I heard over on cpf that http://www.led-tech.de/ have them. I just looked tho and I am mistaken, they dont have em yet either, and holy cow they are an expensive supplier. I got excited when I saw they have the XP-E in better than cutter bins but there so expensive. There prices are like the same as cutters but in euros not aussie dollars. On top of that there shipping is like 50 usd vs 10 from cutter.


----------



## WeLight (Aug 12, 2007)

Guys
I have the K10 bin in cool whits in stock, 370 lumens, can ship immediate, M bin 430lumens is still 2 weeks at least, let me know


----------



## troutie-mtb (Sep 20, 2007)

WeLight said:


> Guys
> I have the K10 bin in cool whits in stock, 370 lumens, can ship immediate, M bin 430lumens is still 2 weeks at least, let me know


Thanks Mark that is so tempting and so near to caving in and changing the order
what is the min max at 700ma

any plans for a 4series mcpcp for them also


----------



## WeLight (Aug 12, 2007)

troutie-mtb said:


> Thanks Mark that is so tempting and so near to caving in and changing the order
> what is the min max at 700ma
> 
> any plans for a 4series mcpcp for them also


so too much light is barely enough.... I get it. The 370 lumen is WC bin, nice colour, approx 630 lumen at 700ma
Ok on optics we will have 
35mm single optic
30mm reflectors 2 weeks away
the normal square
all the Carclo 1 week away

conceivably the 4 up board is possible but man the current/heat how will you deal with it ?
water filled stem/handle bars. Peltier device perhaps, but the backside heat needs removing ??


----------



## troutie-mtb (Sep 20, 2007)

Sorry I meant 1 mce wired 4s on a board to save the jump leads 


not into liquid nitrogen cooling yet .


and you know we want it all and we want it now

and I have just put in another order for the ones you have in stock can you check I have ordered the right ones please
so i did cave in


----------



## bikerjay (Sep 16, 2007)

We are always full of questions

Any word yet on the LM1 Lens series 21.6mm optic for the MC-E? I think its made by Ledil. When might a data sheet become available? and when will it become available? Since its probably still a week or two away I might as well wait for the M bin MC-E. 

Cheers

Jay


----------



## znomit (Dec 27, 2007)

WeLight said:


> conceivably the 4 up board is possible but man the current/heat how will you deal with it ?

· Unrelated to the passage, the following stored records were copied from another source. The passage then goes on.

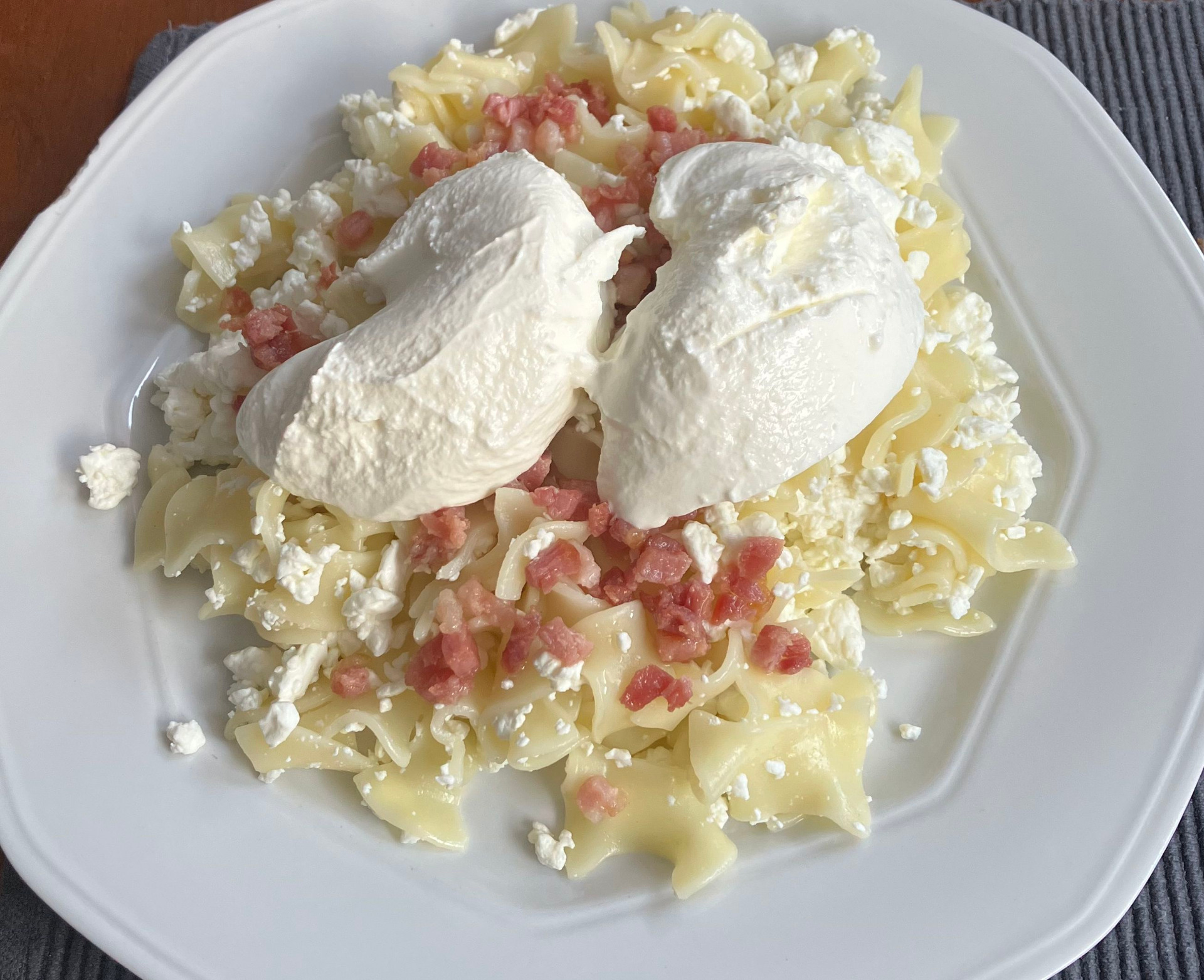Túrós tészta pirított baconnal, tejföllel és porcukorral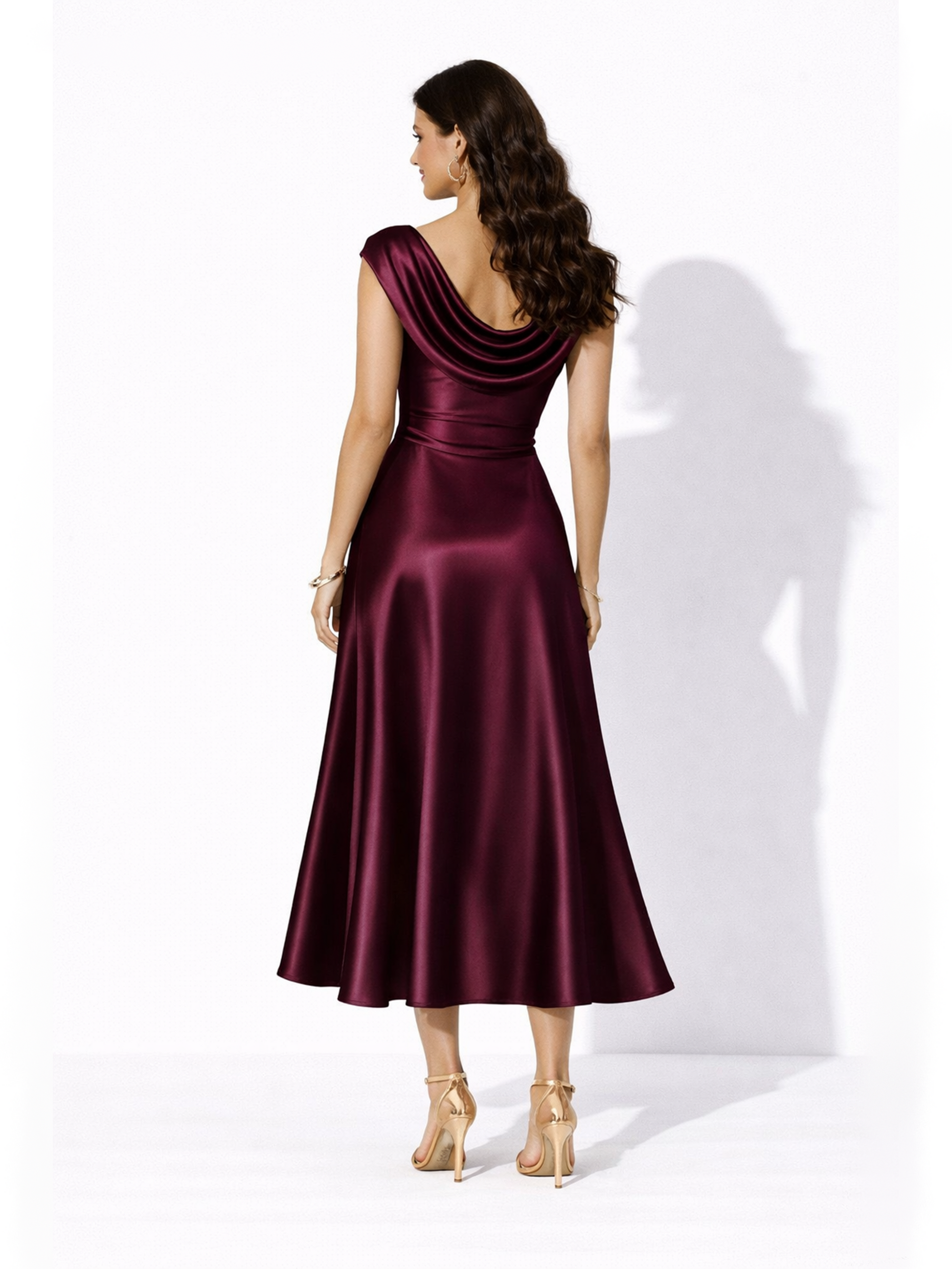 This sophisticated midi dress is the epitome of modern evening glamour. Crafted from a luxurious, high-shine satin in a deep plum or black cherry hue, it’s designed to catch the light and command the room.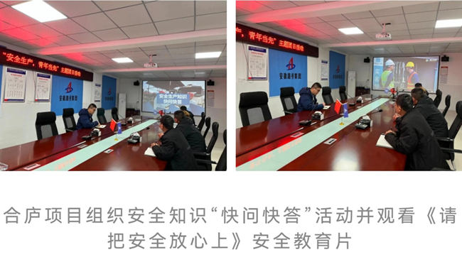 同時,各項目還開展了豐富多彩的主題活動。合周高速項目召開青年安全課堂,亳蒙高速項目組織安全消防應急演練,蚌埠G206項目開展主題辯論賽,合廬項目組織安全生產知識“快問快答”活動,進一步提高了分公司廣大青年職工的安全生產意識。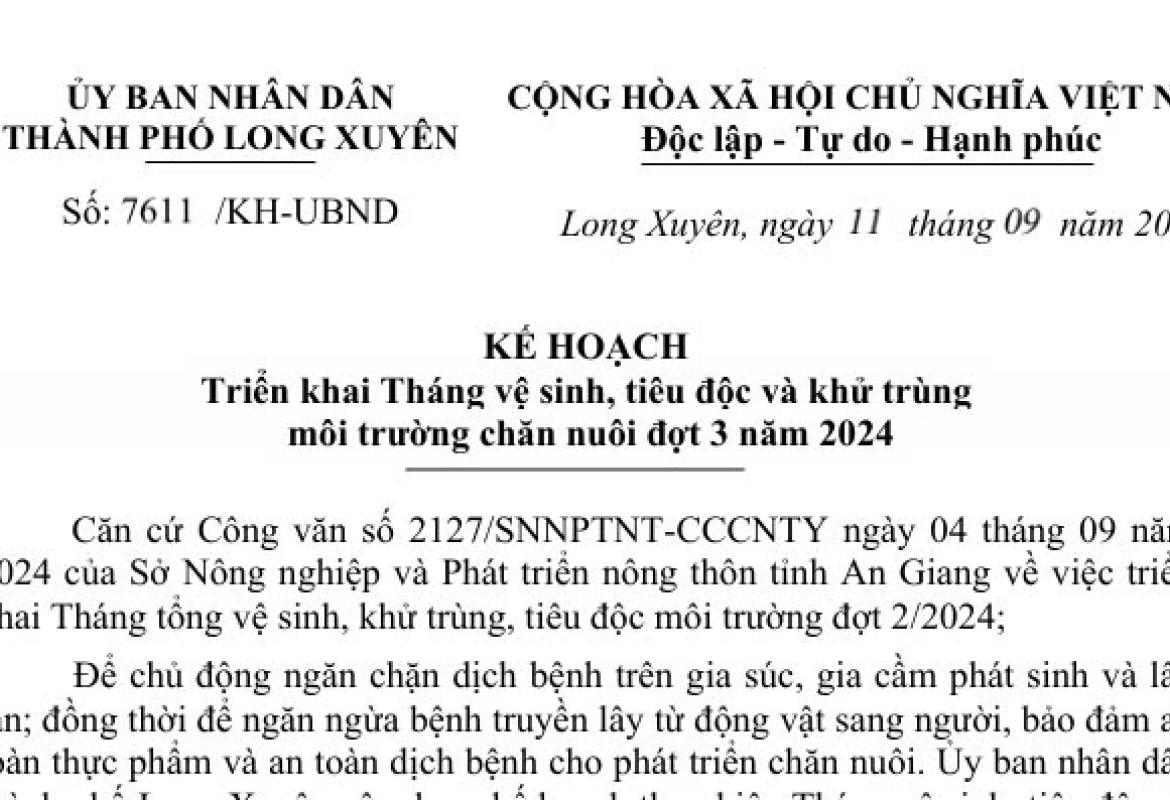 Ủy ban nhân dân thành phố Long Xuyên ban hành Kế hoạch số 7611/KH-UBND, ngày 11/9/2024 triển khai Tháng vệ sinh, tiêu độc và khử trùng môi trường chăn nuôi đợt 3 năm 2024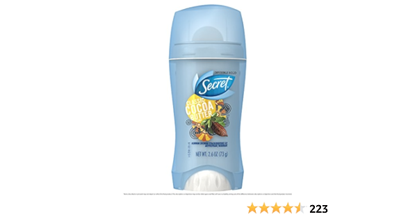 Secret is an antiperspirant/deodorant for women manufactured by Procter & Gamble It is sold in the United States, Canada, and Mexico It is sold in the United States, Canada, and Mexico Secret was launched as the first female deodorant in 1956, after more than 10 years of research that began in 1945. Product Title Secret Aluminum Free Deodorant for Women with Essential Oils Rose Geranium, 26 oz Average Rating ( 43 ) out of 5 stars 796 ratings , based on 796 reviews Current Price $1197 $ 11 97 ($460/oz). With Secrets Outlast Invisible Solid Deodorant you can feel confident no matter what, with longlasting protection that locks away odor for 48 hours!.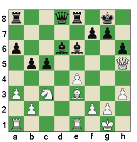 2…, Qc8 3. Qf3 , Qe6 4. Bf4 , Bxf4 5. Qxf4 , Rad8
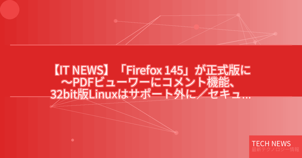 【IT NEWS】「Firefox 145」が正式版に ~PDFビューワーにコメント機能、32bit版Linuxはサポート外に/セキュリティ関連の修正は16件
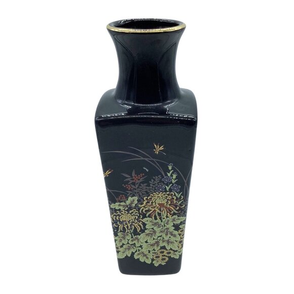 Vintage Imperial Dynasty by MANN Black Porcelain Vase Gold Trim Floral Design 7"
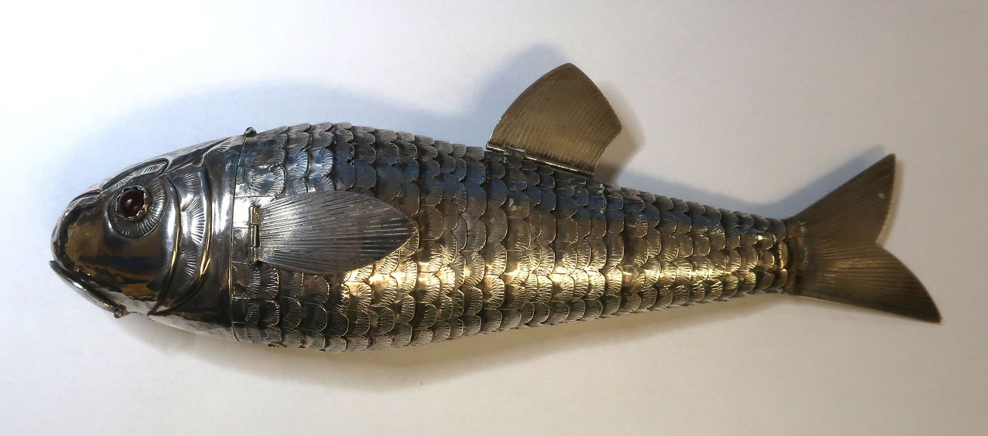 Sølv hovedvandsæg i form af stor fisk med røde sten (830). Længde 17 cm

3 or 4 up MR11 board all mce in series but each mce die in parallel so a direct swap out electrically for current MR11 boards for big lm/w increase. Whats that, 30-40% more light than an R2? Less heat too. :thumbsup:


----------



## emu26 (Jun 23, 2008)

and yet more questions for you Mark, sorry

I've seen Q4 XP-E leds available now from other sites but it looks like the best you have at the moment is a P4 cool white. Any plans on getting the brighter bins and if so any idea when?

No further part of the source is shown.